Start of Data provided
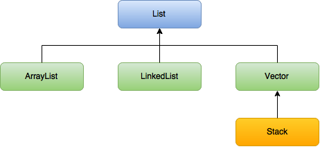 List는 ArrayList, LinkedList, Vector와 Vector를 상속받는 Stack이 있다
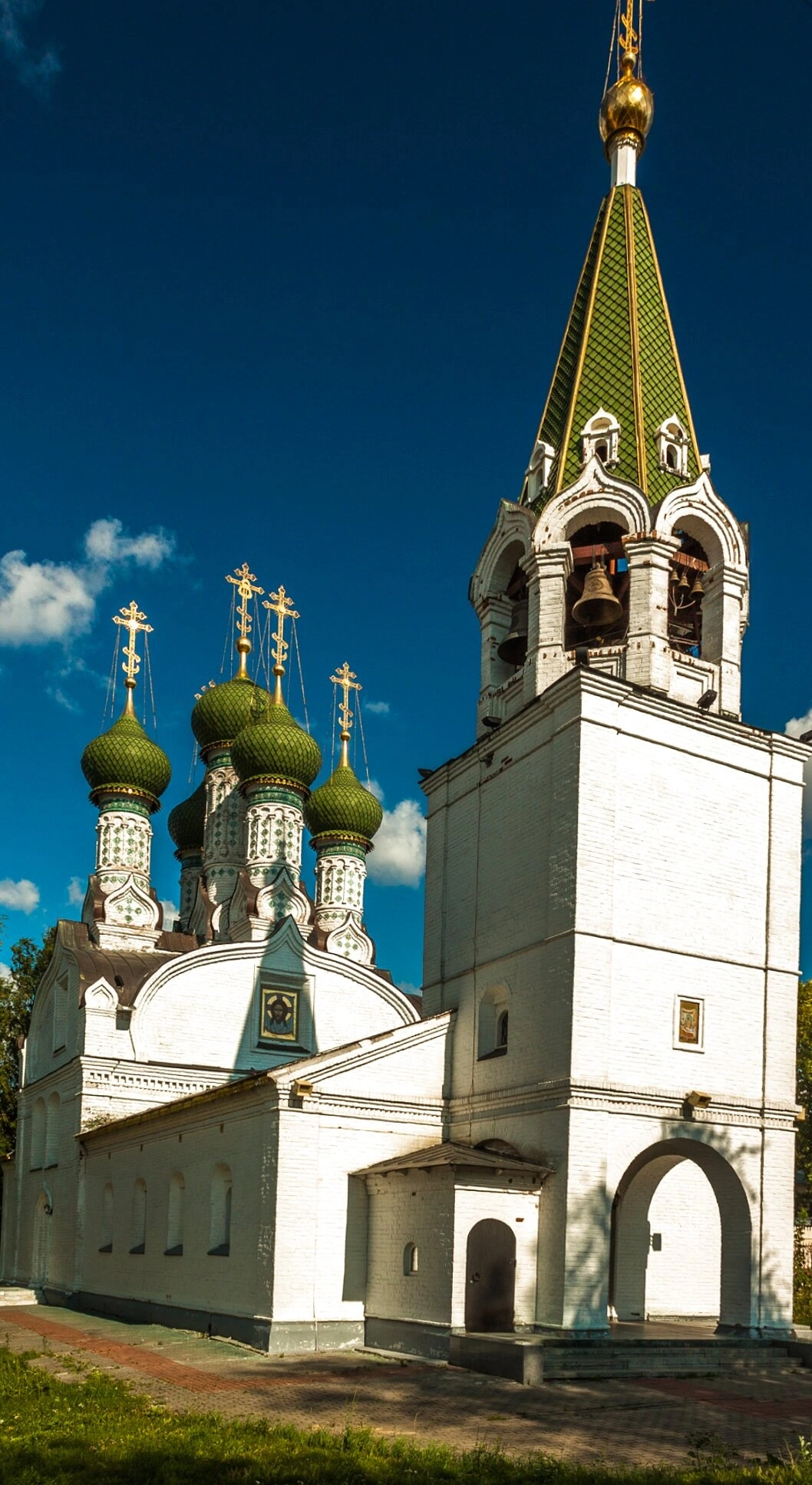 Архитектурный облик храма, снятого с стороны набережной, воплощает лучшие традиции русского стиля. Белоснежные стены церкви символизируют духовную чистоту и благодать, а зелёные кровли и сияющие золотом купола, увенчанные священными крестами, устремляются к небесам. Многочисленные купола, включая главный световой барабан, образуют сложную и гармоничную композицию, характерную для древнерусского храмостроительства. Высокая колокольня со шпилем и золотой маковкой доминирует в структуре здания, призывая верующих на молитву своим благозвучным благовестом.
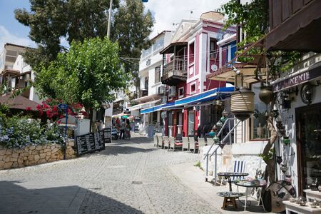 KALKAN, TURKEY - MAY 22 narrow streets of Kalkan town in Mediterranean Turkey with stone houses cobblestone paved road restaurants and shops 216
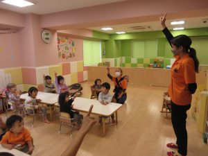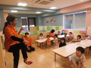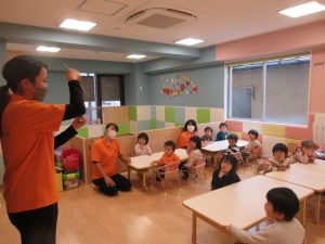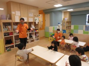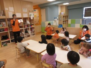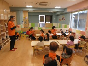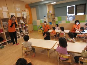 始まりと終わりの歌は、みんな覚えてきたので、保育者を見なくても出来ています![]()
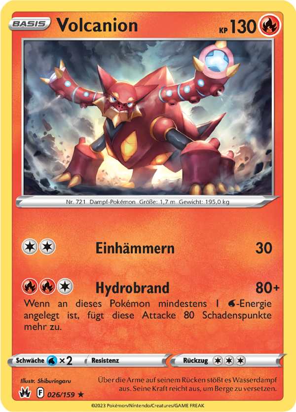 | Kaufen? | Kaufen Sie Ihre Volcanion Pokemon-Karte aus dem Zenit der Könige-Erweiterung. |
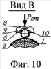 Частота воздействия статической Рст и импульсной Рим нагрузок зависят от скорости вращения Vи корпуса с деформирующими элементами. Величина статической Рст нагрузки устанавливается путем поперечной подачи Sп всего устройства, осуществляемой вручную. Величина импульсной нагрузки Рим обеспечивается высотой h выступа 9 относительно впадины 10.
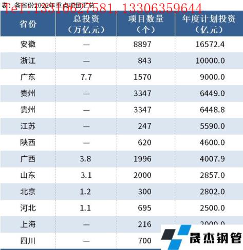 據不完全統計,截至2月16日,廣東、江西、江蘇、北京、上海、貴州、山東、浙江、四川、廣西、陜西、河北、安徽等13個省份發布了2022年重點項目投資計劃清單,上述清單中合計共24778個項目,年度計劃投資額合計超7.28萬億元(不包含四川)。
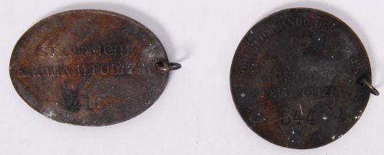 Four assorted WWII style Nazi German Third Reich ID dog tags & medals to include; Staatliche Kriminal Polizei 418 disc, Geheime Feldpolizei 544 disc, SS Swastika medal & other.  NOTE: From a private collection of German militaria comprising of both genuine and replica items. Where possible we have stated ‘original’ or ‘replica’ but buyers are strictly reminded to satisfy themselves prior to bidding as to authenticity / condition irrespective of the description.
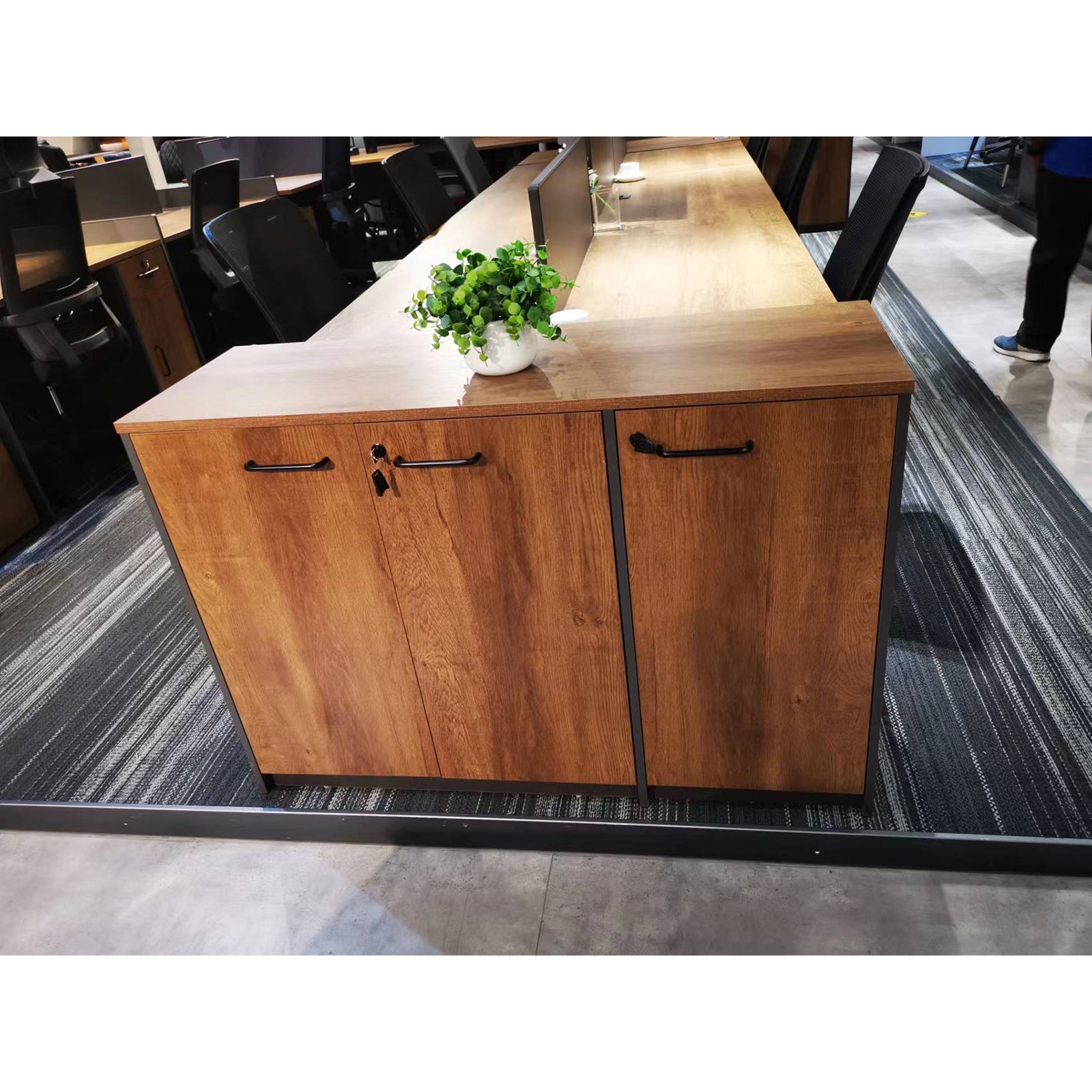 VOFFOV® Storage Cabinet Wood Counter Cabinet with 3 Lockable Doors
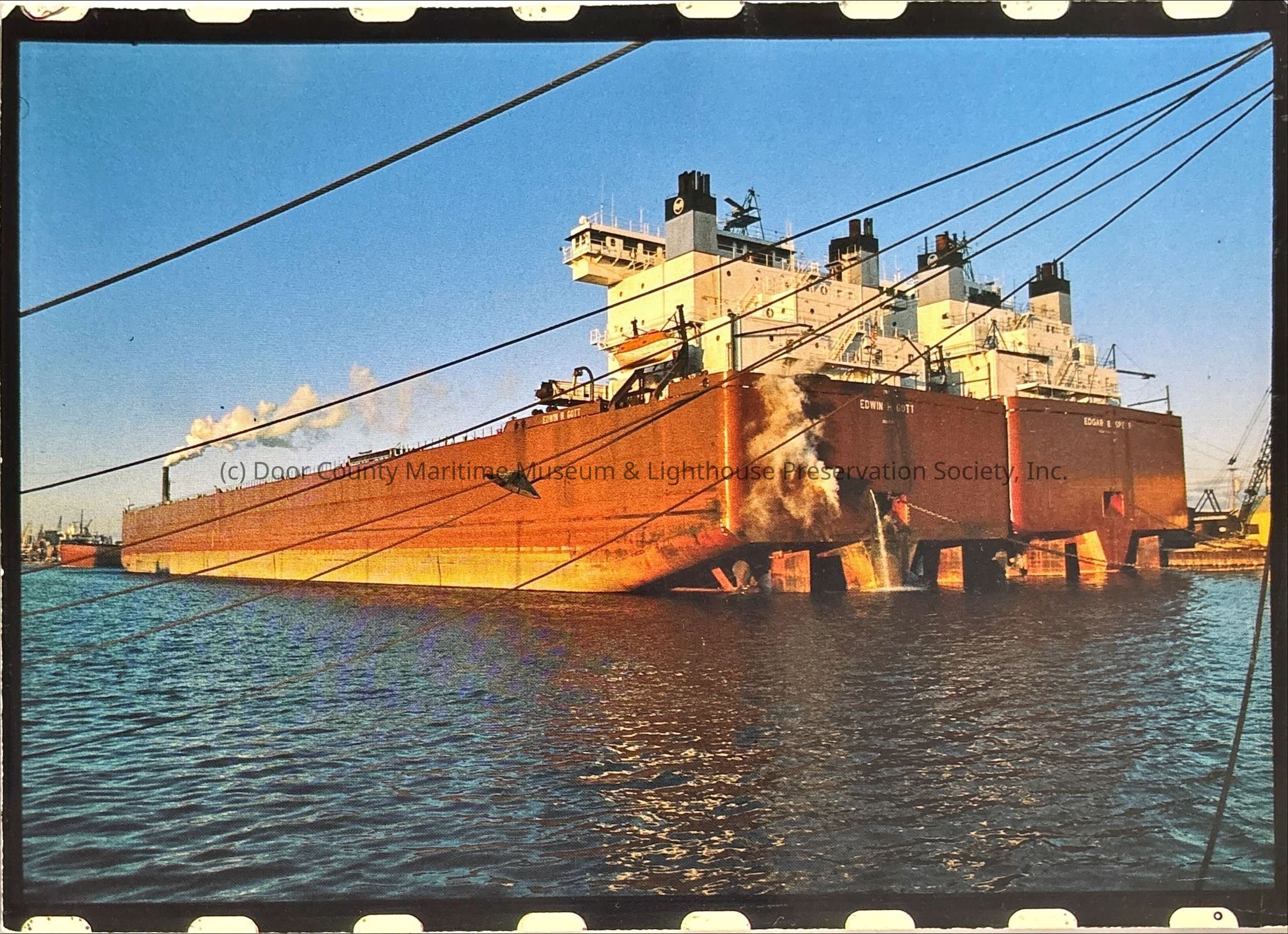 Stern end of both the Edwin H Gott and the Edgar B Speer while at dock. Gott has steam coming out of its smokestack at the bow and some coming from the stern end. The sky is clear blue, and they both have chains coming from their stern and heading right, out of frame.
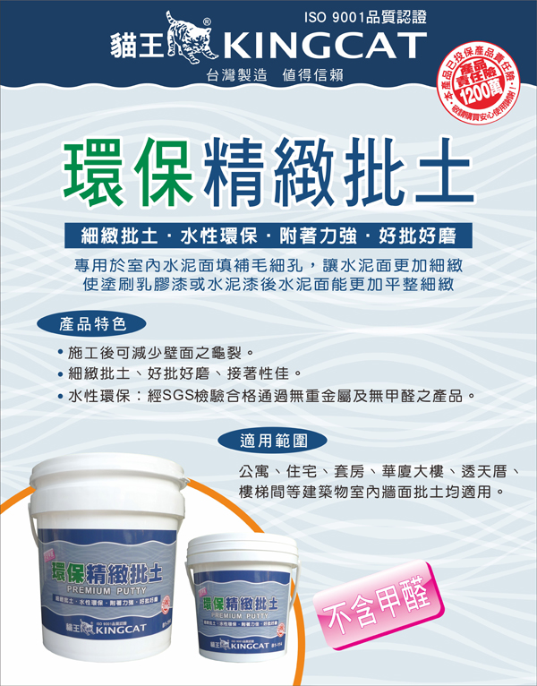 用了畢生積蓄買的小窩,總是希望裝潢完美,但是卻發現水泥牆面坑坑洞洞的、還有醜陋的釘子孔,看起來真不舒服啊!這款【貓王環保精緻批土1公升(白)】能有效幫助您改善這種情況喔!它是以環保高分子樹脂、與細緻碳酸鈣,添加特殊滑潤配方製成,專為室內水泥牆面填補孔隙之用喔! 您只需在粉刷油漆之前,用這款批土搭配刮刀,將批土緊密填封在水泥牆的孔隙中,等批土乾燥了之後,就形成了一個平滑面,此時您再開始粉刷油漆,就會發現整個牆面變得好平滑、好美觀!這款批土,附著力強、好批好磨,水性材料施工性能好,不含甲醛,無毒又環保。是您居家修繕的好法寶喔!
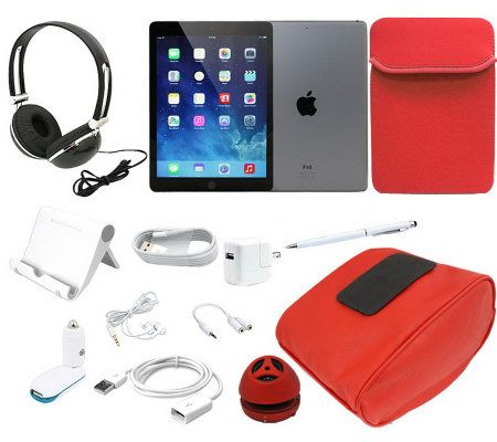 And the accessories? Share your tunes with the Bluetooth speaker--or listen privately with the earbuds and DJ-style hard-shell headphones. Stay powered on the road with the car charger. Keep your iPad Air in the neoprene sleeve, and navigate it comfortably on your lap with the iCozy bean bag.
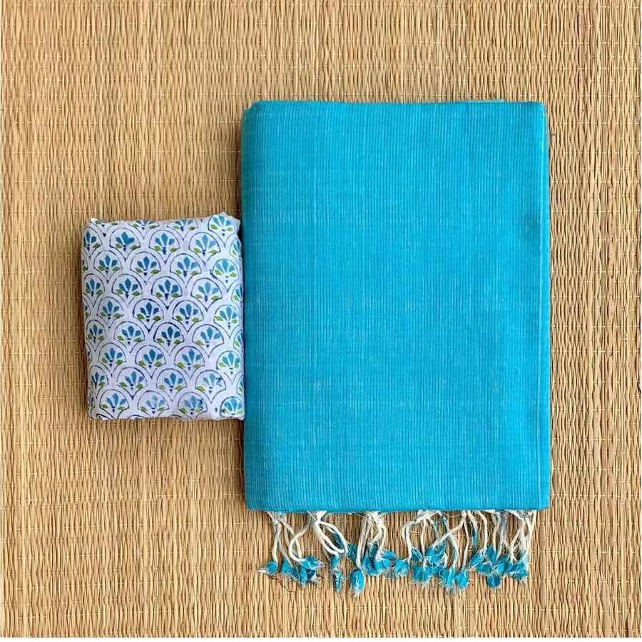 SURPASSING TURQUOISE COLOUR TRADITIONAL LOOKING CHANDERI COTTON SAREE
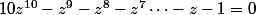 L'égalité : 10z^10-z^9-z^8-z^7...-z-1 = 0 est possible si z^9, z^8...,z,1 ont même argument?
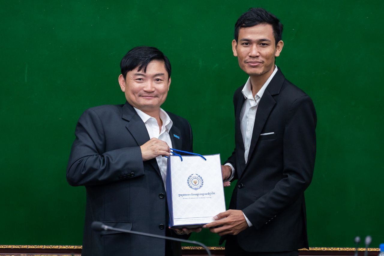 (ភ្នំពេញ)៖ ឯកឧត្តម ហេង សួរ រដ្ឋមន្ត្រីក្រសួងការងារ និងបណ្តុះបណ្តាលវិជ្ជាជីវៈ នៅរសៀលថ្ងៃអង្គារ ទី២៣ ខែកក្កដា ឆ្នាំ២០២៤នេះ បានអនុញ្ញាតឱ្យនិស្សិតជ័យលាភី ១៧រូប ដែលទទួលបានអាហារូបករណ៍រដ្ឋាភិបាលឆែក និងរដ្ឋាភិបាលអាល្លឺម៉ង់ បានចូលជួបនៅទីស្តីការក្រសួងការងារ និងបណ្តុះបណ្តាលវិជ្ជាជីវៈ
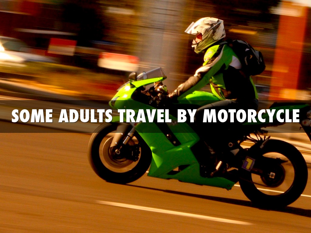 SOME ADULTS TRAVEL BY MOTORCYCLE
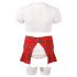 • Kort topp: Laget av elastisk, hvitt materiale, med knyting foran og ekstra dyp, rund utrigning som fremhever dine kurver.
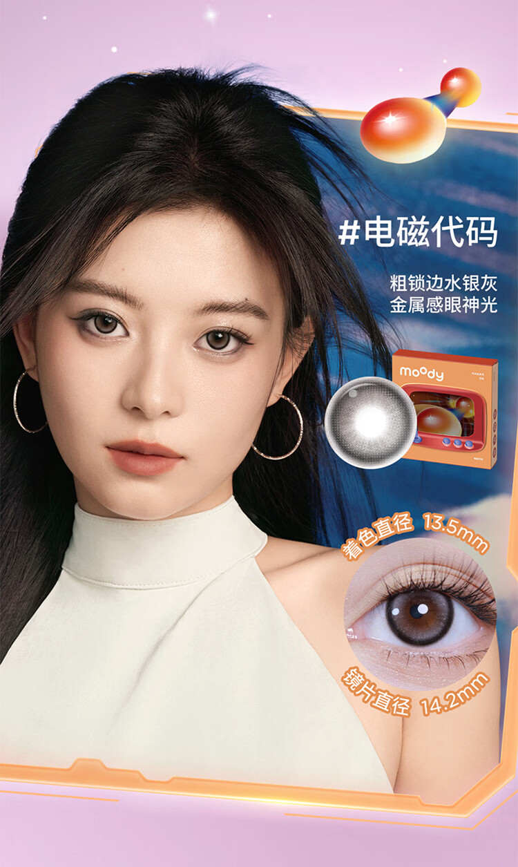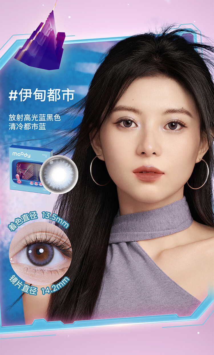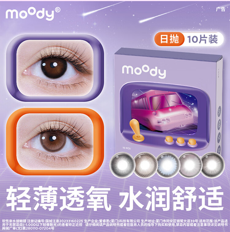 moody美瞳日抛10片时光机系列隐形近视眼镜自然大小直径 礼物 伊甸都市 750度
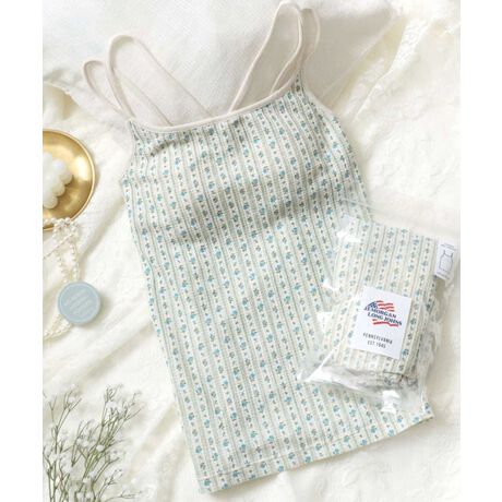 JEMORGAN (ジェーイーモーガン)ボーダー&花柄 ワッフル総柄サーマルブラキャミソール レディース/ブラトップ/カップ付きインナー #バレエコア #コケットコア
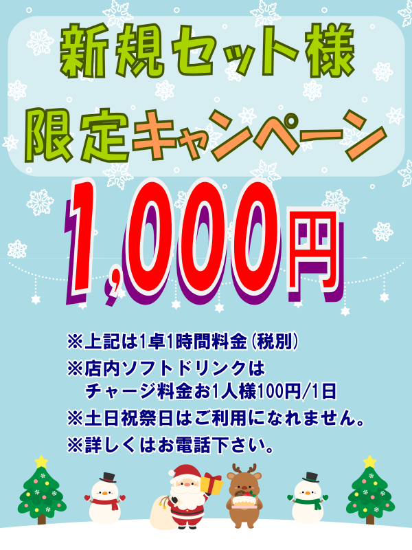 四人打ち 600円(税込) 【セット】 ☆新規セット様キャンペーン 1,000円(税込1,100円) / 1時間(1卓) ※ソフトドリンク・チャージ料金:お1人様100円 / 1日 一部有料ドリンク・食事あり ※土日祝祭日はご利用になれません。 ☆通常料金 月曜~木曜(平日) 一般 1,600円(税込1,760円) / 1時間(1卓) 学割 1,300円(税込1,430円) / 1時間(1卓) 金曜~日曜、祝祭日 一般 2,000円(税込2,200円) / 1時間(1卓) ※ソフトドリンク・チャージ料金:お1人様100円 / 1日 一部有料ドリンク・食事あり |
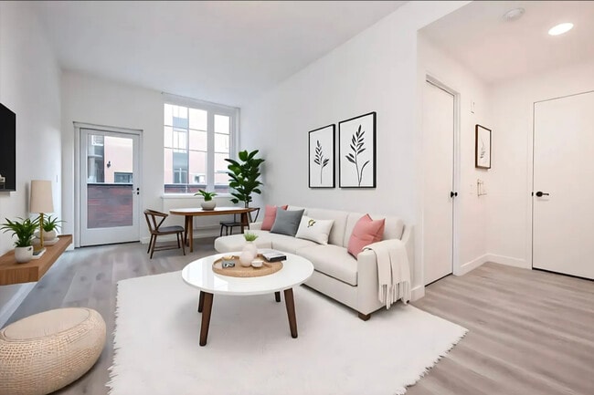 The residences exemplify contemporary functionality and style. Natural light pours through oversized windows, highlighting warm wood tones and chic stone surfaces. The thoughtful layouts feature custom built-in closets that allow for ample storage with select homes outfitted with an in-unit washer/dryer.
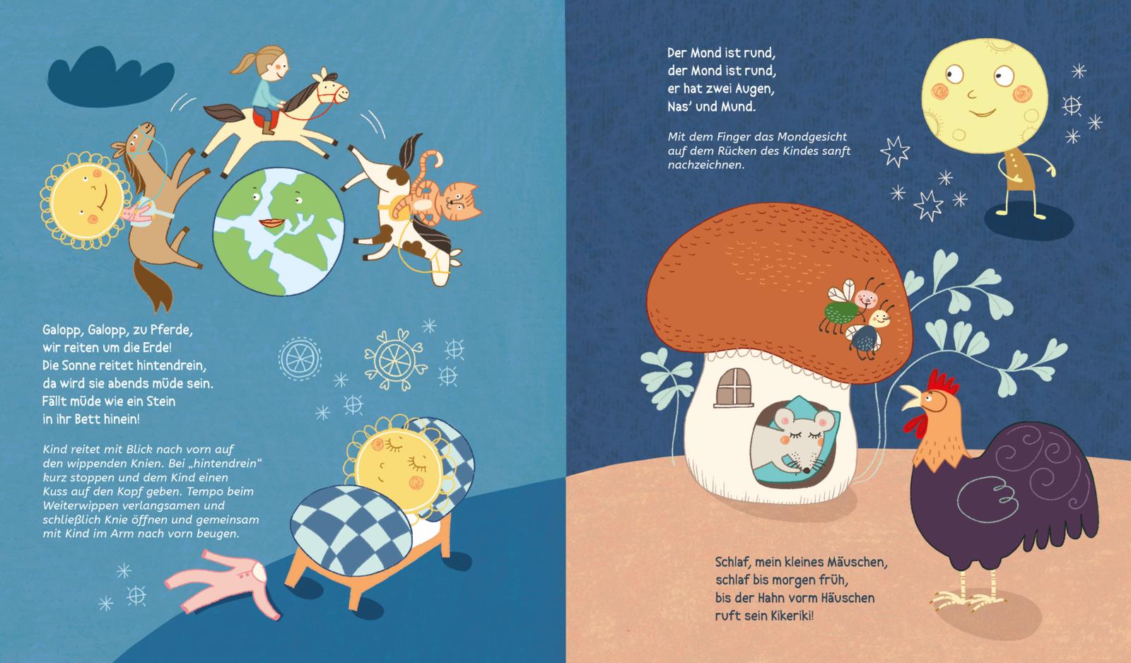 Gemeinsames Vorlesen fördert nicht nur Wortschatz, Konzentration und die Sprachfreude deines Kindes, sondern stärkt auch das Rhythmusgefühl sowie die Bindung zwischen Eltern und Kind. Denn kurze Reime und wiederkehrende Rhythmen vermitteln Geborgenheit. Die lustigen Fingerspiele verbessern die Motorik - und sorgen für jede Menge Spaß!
End of Data provided
## Problem statement
What are the lines above from the one with "And the accessories?" to the one with "The residences exemplify", both included? Reproduce them exactly, without pictures.

## Reply
 And the accessories? Share your tunes with the Bluetooth speaker--or listen privately with the earbuds and DJ-style hard-shell headphones. Stay powered on the road with the car charger. Keep your iPad Air in the neoprene sleeve, and navigate it comfortably on your lap with the iCozy bean bag.
 SURPASSING TURQUOISE COLOUR TRADITIONAL LOOKING CHANDERI COTTON SAREE
 L'égalité : 10z^10-z^9-z^8-z^7...-z-1 = 0 est possible si z^9, z^8...,z,1 ont même argument?
 (ភ្នំពេញ)៖ ឯកឧត្តម ហេង សួរ រដ្ឋមន្ត្រីក្រសួងការងារ និងបណ្តុះបណ្តាលវិជ្ជាជីវៈ នៅរសៀលថ្ងៃអង្គារ ទី២៣ ខែកក្កដា ឆ្នាំ២០២៤នេះ បានអនុញ្ញាតឱ្យនិស្សិតជ័យលាភី ១៧រូប ដែលទទួលបានអាហារូបករណ៍រដ្ឋាភិបាលឆែក និងរដ្ឋាភិបាលអាល្លឺម៉ង់ បានចូលជួបនៅទីស្តីការក្រសួងការងារ និងបណ្តុះបណ្តាលវិជ្ជាជីវៈ
 SOME ADULTS TRAVEL BY MOTORCYCLE
 • Kort topp: Laget av elastisk, hvitt materiale, med knyting foran og ekstra dyp, rund utrigning som fremhever dine kurver.
 moody美瞳日抛10片时光机系列隐形近视眼镜自然大小直径 礼物 伊甸都市 750度
 JEMORGAN (ジェーイーモーガン)ボーダー&花柄 ワッフル総柄サーマルブラキャミソール レディース/ブラトップ/カップ付きインナー #バレエコア #コケットコア
 四人打ち 600円(税込) 【セット】 ☆新規セット様キャンペーン 1,000円(税込1,100円) / 1時間(1卓) ※ソフトドリンク・チャージ料金:お1人様100円 / 1日 一部有料ドリンク・食事あり ※土日祝祭日はご利用になれません。 ☆通常料金 月曜~木曜(平日) 一般 1,600円(税込1,760円) / 1時間(1卓) 学割 1,300円(税込1,430円) / 1時間(1卓) 金曜~日曜、祝祭日 一般 2,000円(税込2,200円) / 1時間(1卓) ※ソフトドリンク・チャージ料金:お1人様100円 / 1日 一部有料ドリンク・食事あり |
 The residences exemplify contemporary functionality and style. Natural light pours through oversized windows, highlighting warm wood tones and chic stone surfaces. The thoughtful layouts feature custom built-in closets that allow for ample storage with select homes outfitted with an in-unit washer/dryer.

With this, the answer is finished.